The scramble for reserves is also accelerating the shift away from mature fields such as those in the North Sea and Alaska, where companies have been harvesting the fruits of investments they made in the 1960s and ’70s at costs far lower than those that prevail today. Now the focus is on developing countries such as Angola, Nigeria, Trinidad, or the states of the former Soviet Union. Companies have little choice but to make the change. Production in the North Sea and Prudhoe Bay in Alaska is falling, and they need to add new resources to maintain output.

But there are serious costs associated with moving into new territories. An oil zone such as the North Sea or the Gulf of Mexico is a vast network of fields, many of which share terminals, processing plants, pipelines, and other expensive pieces of equipment.

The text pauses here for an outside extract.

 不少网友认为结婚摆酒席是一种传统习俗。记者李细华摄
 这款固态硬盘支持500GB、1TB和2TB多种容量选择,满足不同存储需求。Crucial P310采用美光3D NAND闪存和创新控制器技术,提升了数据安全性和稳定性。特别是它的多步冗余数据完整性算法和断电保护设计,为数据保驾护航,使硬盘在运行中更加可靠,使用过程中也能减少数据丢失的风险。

In the North Sea, companies such as Total (TOT ) help maintain output levels by plugging newly discovered satellite fields into existing networks.

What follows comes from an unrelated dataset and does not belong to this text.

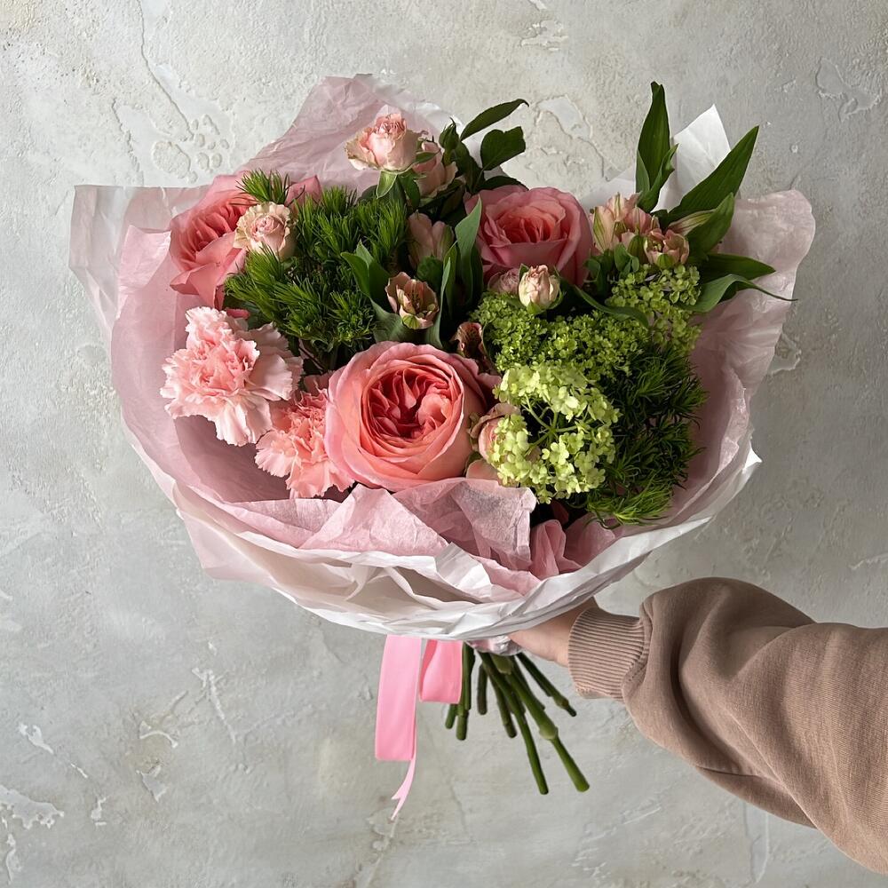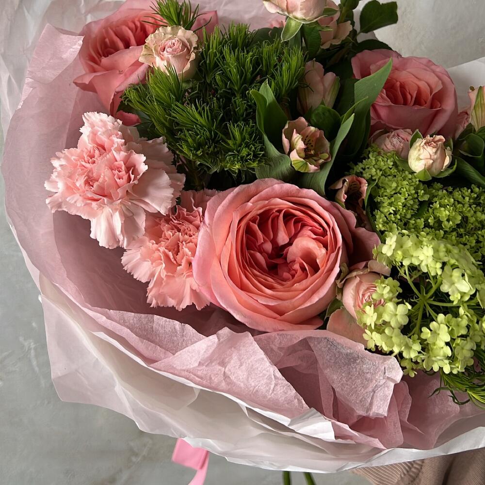 Альстромерия – 2 шт.Кустовая роза – 2 шт.Диантус – 2 шт.Роза пионовидная – 3 шт.Упаковка дизайнерская – 1 шт.грин трикс – 3 шт.

That’s not the case in basins like Sakhalin in Russia and Tenghiz in Kazakhstan. There, companies must invest not only in drilling but also in building fresh infrastructure at much higher prices. Morgan Stanley figures that finding and development costs rose by 86% from 1999 to 2003, to $6.70 per barrel of oil equivalent.

Meanwhile, some of the richest acreage remains largely off limits to Western oil companies. With prices high, there’s less incentive for countries with huge reserves of cheap oil, such as Iran, Kuwait, and Saudi Arabia, to cede opportunities to global companies. “We know by experience that it’s easier for OPEC countries to open for foreign investment when oil prices are low,” said Thierry Desmarest, CEO of France’s Total, in an interview with BusinessWeek last fall. No rapid opening in the Gulf area is likely.

To build up reserves, oil majors are relying more and more on acquisitions of known assets. BP’s $8 billion purchase of 50% of Russia’s TNK in 2003 boosted reserves by 11%. Other outfits are pursuing unconventional and more capital-intensive sources of oil and gas, from tar sands to liquefied natural gas to drilling in increasingly deep water. This, of course, drives costs up even further. International majors are also facing stiffer competition for deals from Chinese and Indian companies, which are willing to spend big to lock up energy supplies for their fast-growing economies.

In this environment it’s tough to play catch-up after poor exploration results. That’s what Shell is racing to do. The company is hiring 1,000 exploration and production personnel and focusing its $15 billion per year capital spending on boosting reserves. Those engineers will undoubtedly find more oil. Whether it will be enough to keep the party going is another question.